AstraZeneca AB Vs. Intas, Alkem Pharma & Others
Date of decision: 20th July 2021
In the High Court Of Delhi At New Delhi
In a current landmark decision of the Delhi High Court, AstraZeneca AB and AstraZeneca Pharma India Limited (the Plaintiffs) have been denied the request for an interim injunction towards Indian pharmaceutical companies, Intas Pharmaceuticals Limited (Intas) and Alkem Laboratories Limited (Alkem) and others (collectively, the Defendants), concerning the production of the compound-in-difficulty i.e., Dapagliflozin [“DAPA”], which became supposed to be infringing the Plaintiffs’ patents bearing Indian Patent numbers 205147 [“IN 147”] and 235625 [“IN 625”], the previous being the genus patent even as the latter being claimed to be the species patent. The patent time period for IN 147 expired on October 02, 2020, even as the patent time period for IN 625 is legitimate until May 15, 2023. The patents Squibb and have been subsequently assigned to the Plaintiffs via an undertaking deed in 2014.in query have been to start with being registered via way of means of Bristol Myers
Facts of the case
The matter primarily issues two patents of the Dapagliflozin drug used in diabetes.
a) Indian Patent No. 205147 discloses a Markush structure i.e., a patent covering a collection of compounds that disclosed the opportunity of personal diversifications and combinations which could run into numerous million [if not more] structurally various compounds.
b) Indian Patent No. 235625 discloses a specific compound of dapagliflozin.
Whether or not the compound-in-issue i.e. Dapagliflozin [“DAPA”] which, according to the plaintiffs, is included in IN 147 stands disclosed both, in law moreover as on facts?
Whether the subject matter of the species patent held by AstraZeneca was disclosed in the genus patent held by the same person, thereby invalidating the species patent for lack of inventive step and being obvious to a person skilled in the art?

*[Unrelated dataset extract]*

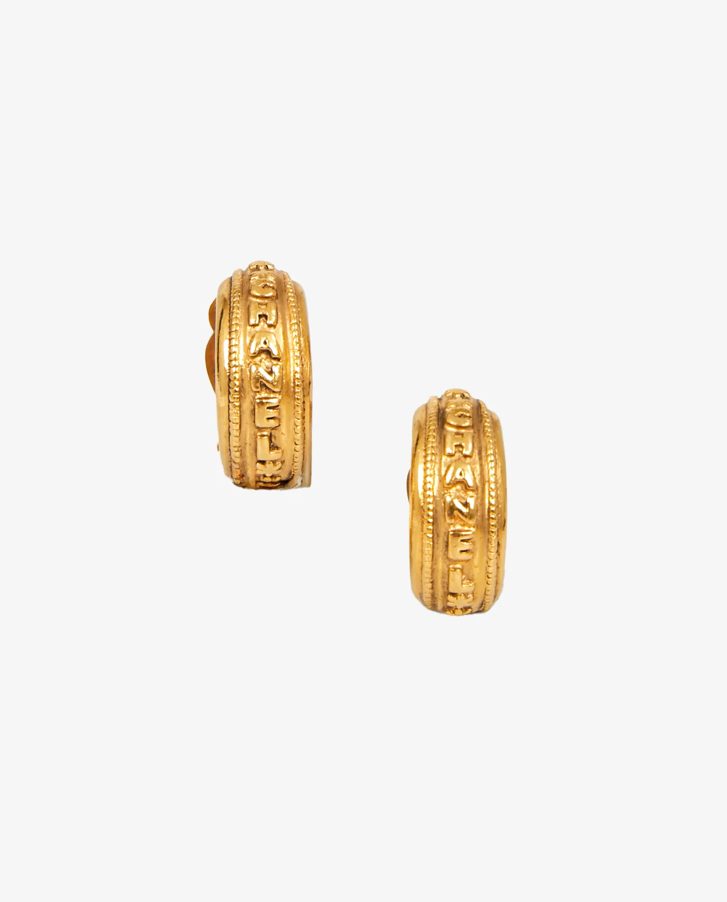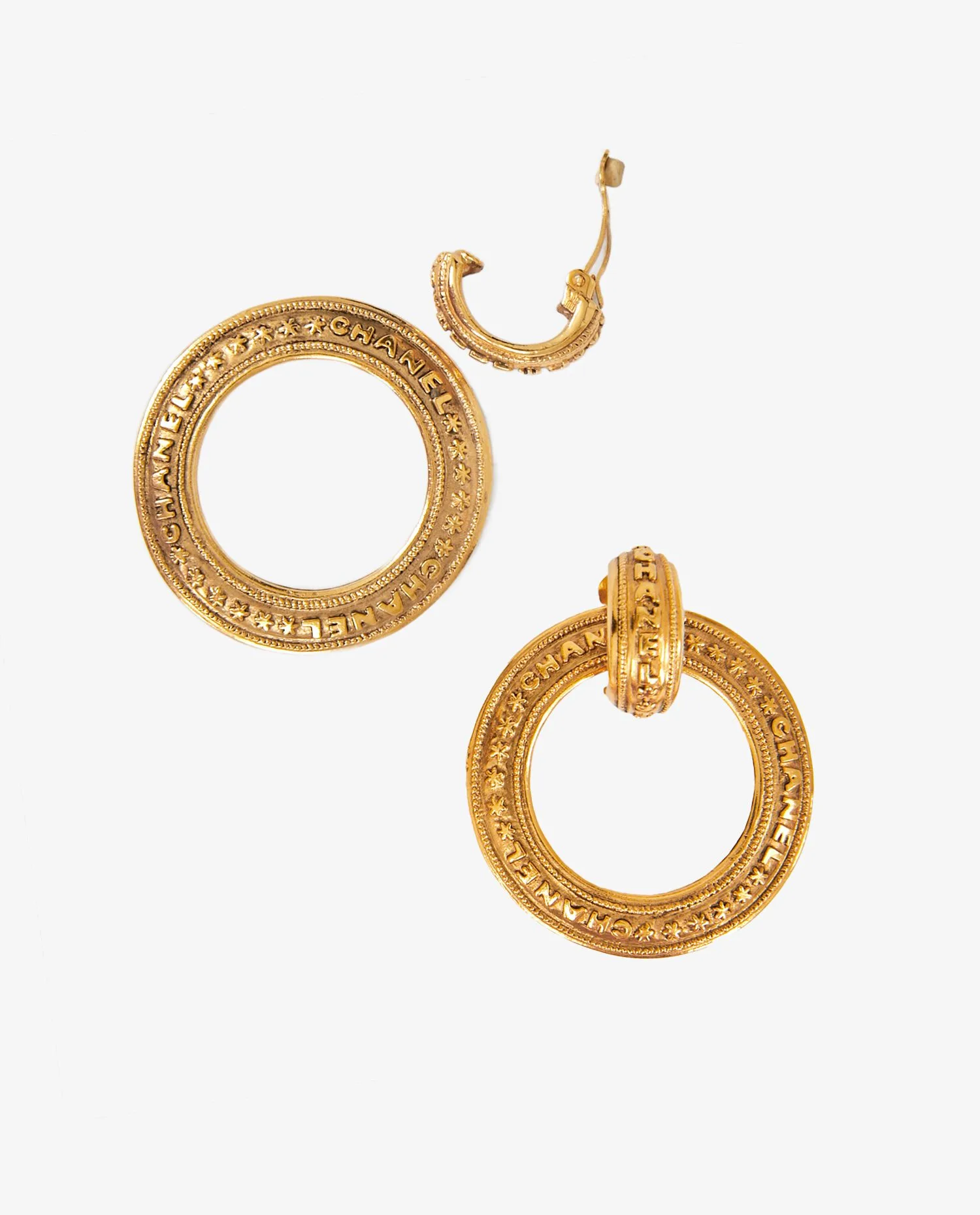 Créoles Chanel vintage en métal doré plaqué or 24K. La subtilité de ses boucles d’oreilles c’est qu’elles peuvent se porter séparément (Voir photos). En relief, l’inscription CHANEL avec des étoiles. Une très belle pièce! En très bon état.

At the stage of the preliminary injunction, it is not necessary for the Defendants to conclusively prove the invalidity of the patent; the establishment of a prima facie case is sufficient. The fact that the infringement suit was filed with regard to both patents is sufficient evidence at this stage that DAPA is under both patents. On a comparison of relevant extracts from both patents ‘147 and ‘625, there emerges no substantial technical advancement or economic significance that would make the synthesis of DAPA an “inventive step” under Section 2(1)(ja). The terminal disclaimer filed by the Plaintiffs in USPTO, even if not a complete bar, operates as estoppel by conduct. The non-compliance with Section 8 was wrong and it makes Patent ‘625 vulnerable to revocation. Therefore, the injunction prayed for by AstraZeneca was refused.
The court found that the fact that the plaintiffs have taken out an infringement motion each for IN ‘147 and IN ‘625 is a enough clue, at least at this juncture, that DAPA is alleged in each suit patents. It appears incongruous to the court that a patent holder can take out an infringement action for a patent and yet ever it isn’t disclosed.
In the prevailing case, the Indian genus patent i.e. IN ‘147 bears the priority dates 12.10.1999 and 05.04.2000 while the Indian species patent i.e. IN ‘625 bears 20.05.2002 as its precedence date. For the purposes of Section 64(1)(a) this element is enough.
Therefore, so long as the defendant can set up that the innovations up to now claimed in any claim of the entire specification [in this case IN ‘625] turned into a legitimate declaration of an in advance precedence date contained inside the entire specification of some other patent [i.e. IN ‘147], a ground for revocation is made out.
The court observed that there is no enhancement of the known efficacy, within the meaning of Section 3(d) of the Act, between the product subject matter of IN ‘147 and the product subject matter of IN ‘625.
With respect to one invention, there can be only one patent, As DAPA was already disclosed in IN ‘147, the same compound cannot enjoy double patent term protection.